Why Consider Forex Trading?

Forex trading has previously been the domain of big banks and global businesses, but individual investors are finding many benefits to speculating on currency exchange. The Forex market is the biggest in the world and there are several potential advantages over more well-worn forms of investment.

Here is a quick overview of the reasons people decide to undertake Forex trading:

  • Forex trading allows speculators great leverage. As much as 400:1 leverage can be attained for those looking to take advantage of fluctuating currency on the foreign exchange, which means you can control up to 400 times the amount of money in your account.

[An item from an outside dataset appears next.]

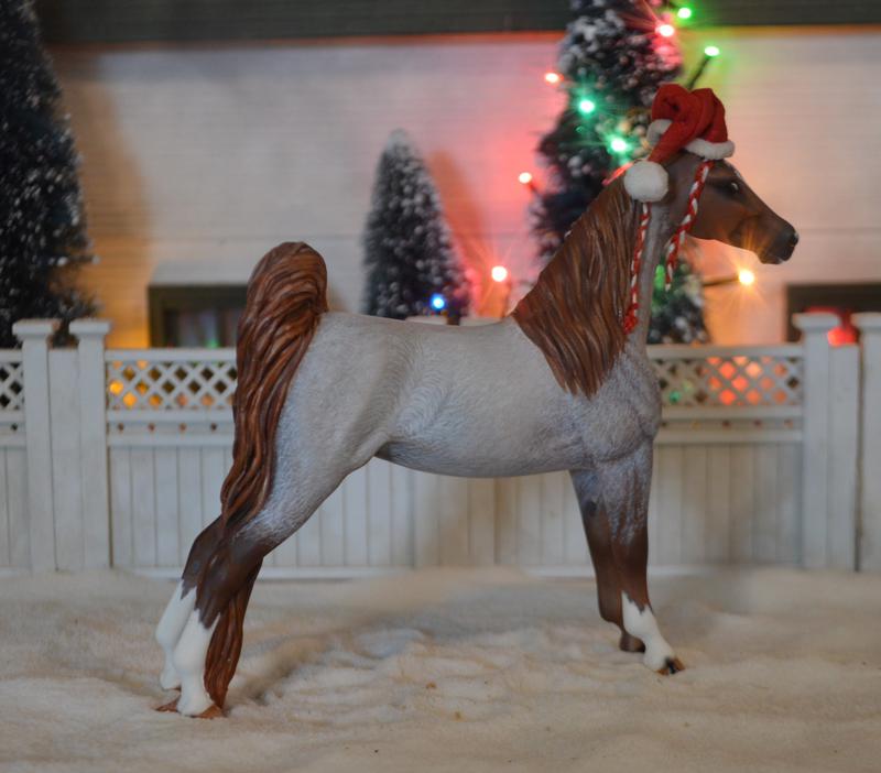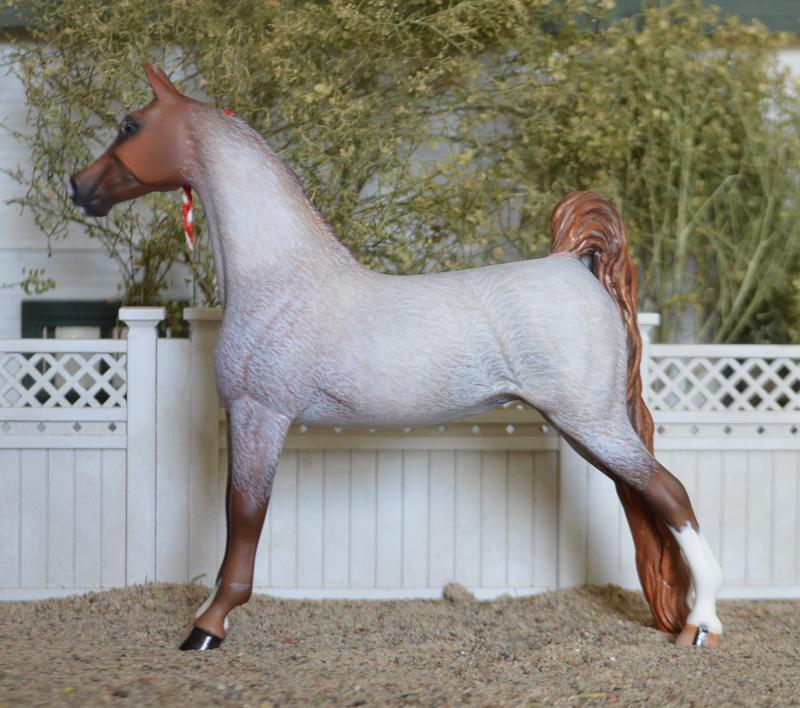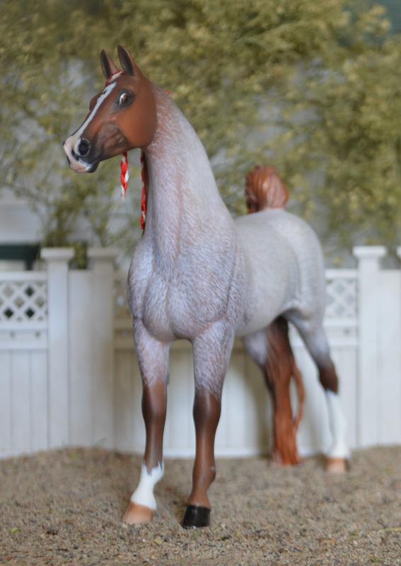 I just love this mare! Slight change to headset-newly re-done head and ears. Legs cleaned and detailed, with tidy country shod feet. Customized mane and tail. Painted a strawberry roan with chrome-really a stunner.

Of course, high risk such as this can also mean high losses, so it is imperative you understand the market and consider protective measures your broker can implement.
  • Reduced risk when utilising stop orders and protective measures. Depending on your broker, you may be able to implement 'guaranteed stop' orders to avoid the massive risk associate with such high leverage. Explore your broker's tools and support to see if this is an option when you are Forex trading.
  • The foreign exchange is most liquid market in the world. Trading volume does not diminish when other markets slow down, and you can achieve high profits on this volatile market in a very short time frame. In addition, the market hours for Forex trading are much longer than on a traditional stock market.
  • The Forex market is the largest market in the world. Unlike the stock markets, which can be affected by large sales of shares or a company buying large amounts of shares, the Forex market is not affected by these variables.
  • The costs to start Forex trading are extremely low. Unlike many other investments, you can start Forex trading with as little as $350. Mini accounts allow you to make trades in amounts as low as $25.
  • The Forex market responds well to technical analysis. With claimed smooth market trends, you can more easily predict and manage your trading.
  • Forex trading is largely commission and fee free. You can avoid many of the middleman costs when Forex trading, such as stock exchange or government fees. You pay Forex providers (or market-makers) the 'spread' (the difference between the bid and offer prices), which is automatically inbuilt into the price of currency exchange. If you have ever exchanged currency at the bank or similar, you have probably experienced something similar to this in the commission that is charged.
  • There are no restrictions on short selling. This is the nature of Forex trading because when you buy one currency you automatically sell another. However, remember that currency exchange is a largely unregulated market, which comes with its own drawbacks.